Scan the records below for the line containing "但未上市就斩获10万辆订单的" and the line containing "Fig. 3: Hepatocellular". Copy both, plus every line between, exactly.

** Information **
....

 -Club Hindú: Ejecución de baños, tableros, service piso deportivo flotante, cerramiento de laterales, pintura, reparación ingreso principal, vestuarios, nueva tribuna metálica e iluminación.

....

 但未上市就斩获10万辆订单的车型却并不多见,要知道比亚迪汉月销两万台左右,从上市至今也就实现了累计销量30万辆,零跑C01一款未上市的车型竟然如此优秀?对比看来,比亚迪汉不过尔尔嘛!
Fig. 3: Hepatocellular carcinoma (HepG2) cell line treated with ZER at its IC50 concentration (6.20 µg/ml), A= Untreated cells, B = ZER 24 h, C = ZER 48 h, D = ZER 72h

....

** Solution **
 但未上市就斩获10万辆订单的车型却并不多见,要知道比亚迪汉月销两万台左右,从上市至今也就实现了累计销量30万辆,零跑C01一款未上市的车型竟然如此优秀?对比看来,比亚迪汉不过尔尔嘛!
Fig. 3: Hepatocellular carcinoma (HepG2) cell line treated with ZER at its IC50 concentration (6.20 µg/ml), A= Untreated cells, B = ZER 24 h, C = ZER 48 h, D = ZER 72h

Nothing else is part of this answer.